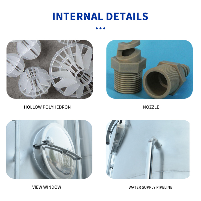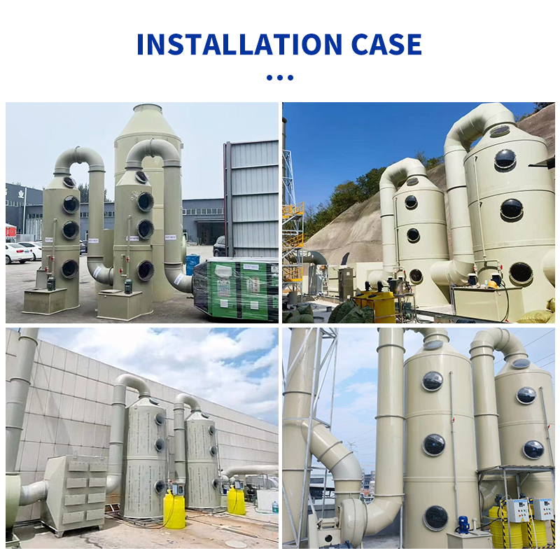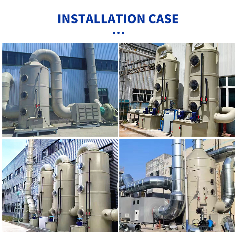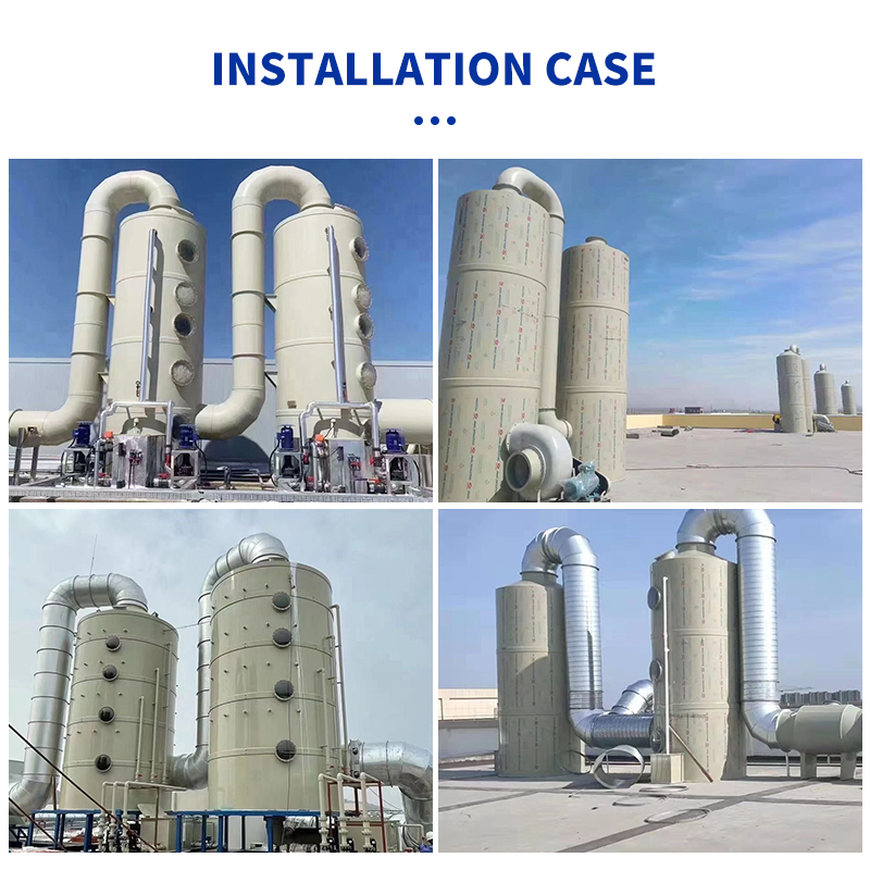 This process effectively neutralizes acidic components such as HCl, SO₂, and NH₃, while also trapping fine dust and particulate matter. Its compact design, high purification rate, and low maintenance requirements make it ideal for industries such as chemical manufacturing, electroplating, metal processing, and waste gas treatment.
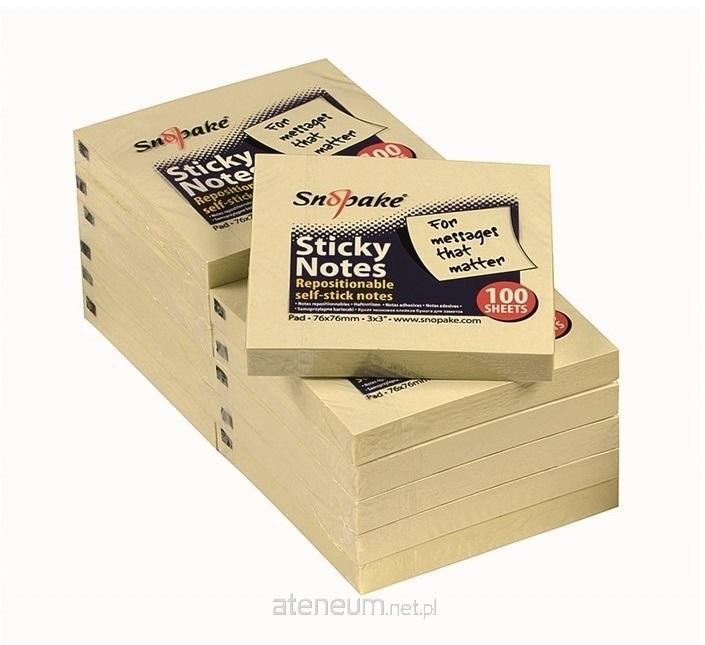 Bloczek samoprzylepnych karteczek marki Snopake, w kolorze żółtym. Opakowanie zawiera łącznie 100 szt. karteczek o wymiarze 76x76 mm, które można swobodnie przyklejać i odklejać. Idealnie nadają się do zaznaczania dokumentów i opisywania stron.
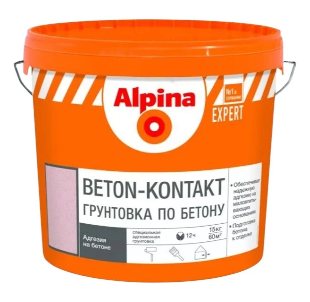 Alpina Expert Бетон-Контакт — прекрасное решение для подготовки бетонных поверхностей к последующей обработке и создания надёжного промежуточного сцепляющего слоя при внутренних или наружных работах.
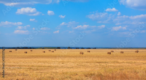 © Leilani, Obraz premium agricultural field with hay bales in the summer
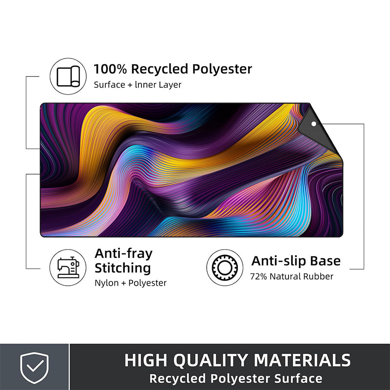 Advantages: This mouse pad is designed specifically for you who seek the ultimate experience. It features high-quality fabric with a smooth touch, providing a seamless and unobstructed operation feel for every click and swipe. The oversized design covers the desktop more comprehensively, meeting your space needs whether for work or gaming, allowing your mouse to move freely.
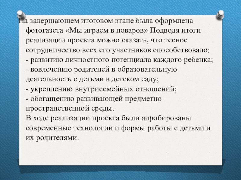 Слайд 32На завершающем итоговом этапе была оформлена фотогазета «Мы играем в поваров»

================

* **ASSIGNMENT**: Each line from the one containing "in the summer" through the last line of the listing must be copied exactly, and the pictures must not be.

* **ANSWER TO THIS EXERCISE**:
 © Leilani, Obraz premium agricultural field with hay bales in the summer
 Advantages: This mouse pad is designed specifically for you who seek the ultimate experience. It features high-quality fabric with a smooth touch, providing a seamless and unobstructed operation feel for every click and swipe. The oversized design covers the desktop more comprehensively, meeting your space needs whether for work or gaming, allowing your mouse to move freely.
 Слайд 32На завершающем итоговом этапе была оформлена фотогазета «Мы играем в поваров»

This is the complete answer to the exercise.